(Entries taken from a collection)
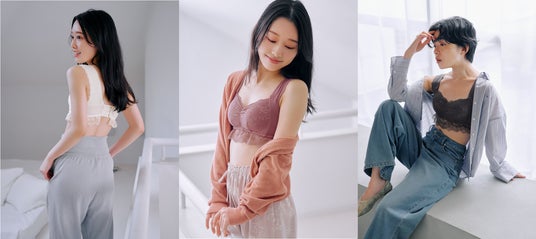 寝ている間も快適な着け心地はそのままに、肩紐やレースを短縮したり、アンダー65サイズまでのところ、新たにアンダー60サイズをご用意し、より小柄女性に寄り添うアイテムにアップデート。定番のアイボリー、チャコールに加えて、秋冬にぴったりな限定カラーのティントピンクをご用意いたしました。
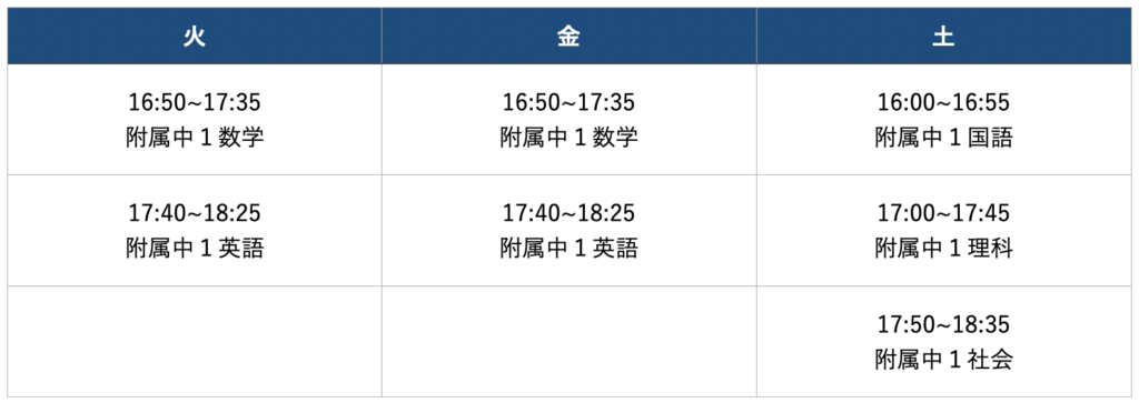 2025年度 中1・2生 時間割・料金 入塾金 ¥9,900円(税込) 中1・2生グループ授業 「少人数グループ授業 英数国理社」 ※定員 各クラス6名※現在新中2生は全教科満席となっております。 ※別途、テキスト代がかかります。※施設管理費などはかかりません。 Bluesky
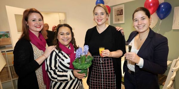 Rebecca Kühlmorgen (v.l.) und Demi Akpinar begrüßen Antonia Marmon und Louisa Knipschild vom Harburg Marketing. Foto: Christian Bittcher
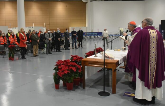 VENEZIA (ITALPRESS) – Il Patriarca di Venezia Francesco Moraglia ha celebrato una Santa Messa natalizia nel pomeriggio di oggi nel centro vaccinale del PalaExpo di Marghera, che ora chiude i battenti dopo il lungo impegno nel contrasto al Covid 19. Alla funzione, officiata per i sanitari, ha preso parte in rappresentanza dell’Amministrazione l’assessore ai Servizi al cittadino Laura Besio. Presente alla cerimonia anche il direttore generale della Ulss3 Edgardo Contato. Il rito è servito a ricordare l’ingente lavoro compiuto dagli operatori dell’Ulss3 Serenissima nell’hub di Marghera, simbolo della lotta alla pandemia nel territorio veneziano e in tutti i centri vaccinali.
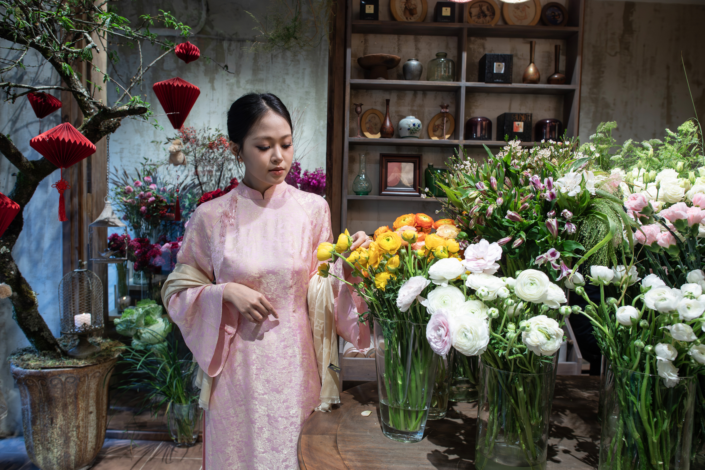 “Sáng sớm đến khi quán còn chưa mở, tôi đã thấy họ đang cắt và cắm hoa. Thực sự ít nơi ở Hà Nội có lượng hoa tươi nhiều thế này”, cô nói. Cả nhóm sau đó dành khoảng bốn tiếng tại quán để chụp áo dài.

• Description of the task: Word for word, print all of the data; skip the pictures.

• The answer:
 寝ている間も快適な着け心地はそのままに、肩紐やレースを短縮したり、アンダー65サイズまでのところ、新たにアンダー60サイズをご用意し、より小柄女性に寄り添うアイテムにアップデート。定番のアイボリー、チャコールに加えて、秋冬にぴったりな限定カラーのティントピンクをご用意いたしました。
 2025年度 中1・2生 時間割・料金 入塾金 ¥9,900円(税込) 中1・2生グループ授業 「少人数グループ授業 英数国理社」 ※定員 各クラス6名※現在新中2生は全教科満席となっております。 ※別途、テキスト代がかかります。※施設管理費などはかかりません。 Bluesky
 Rebecca Kühlmorgen (v.l.) und Demi Akpinar begrüßen Antonia Marmon und Louisa Knipschild vom Harburg Marketing. Foto: Christian Bittcher
 VENEZIA (ITALPRESS) – Il Patriarca di Venezia Francesco Moraglia ha celebrato una Santa Messa natalizia nel pomeriggio di oggi nel centro vaccinale del PalaExpo di Marghera, che ora chiude i battenti dopo il lungo impegno nel contrasto al Covid 19. Alla funzione, officiata per i sanitari, ha preso parte in rappresentanza dell’Amministrazione l’assessore ai Servizi al cittadino Laura Besio. Presente alla cerimonia anche il direttore generale della Ulss3 Edgardo Contato. Il rito è servito a ricordare l’ingente lavoro compiuto dagli operatori dell’Ulss3 Serenissima nell’hub di Marghera, simbolo della lotta alla pandemia nel territorio veneziano e in tutti i centri vaccinali.
 “Sáng sớm đến khi quán còn chưa mở, tôi đã thấy họ đang cắt và cắm hoa. Thực sự ít nơi ở Hà Nội có lượng hoa tươi nhiều thế này”, cô nói. Cả nhóm sau đó dành khoảng bốn tiếng tại quán để chụp áo dài.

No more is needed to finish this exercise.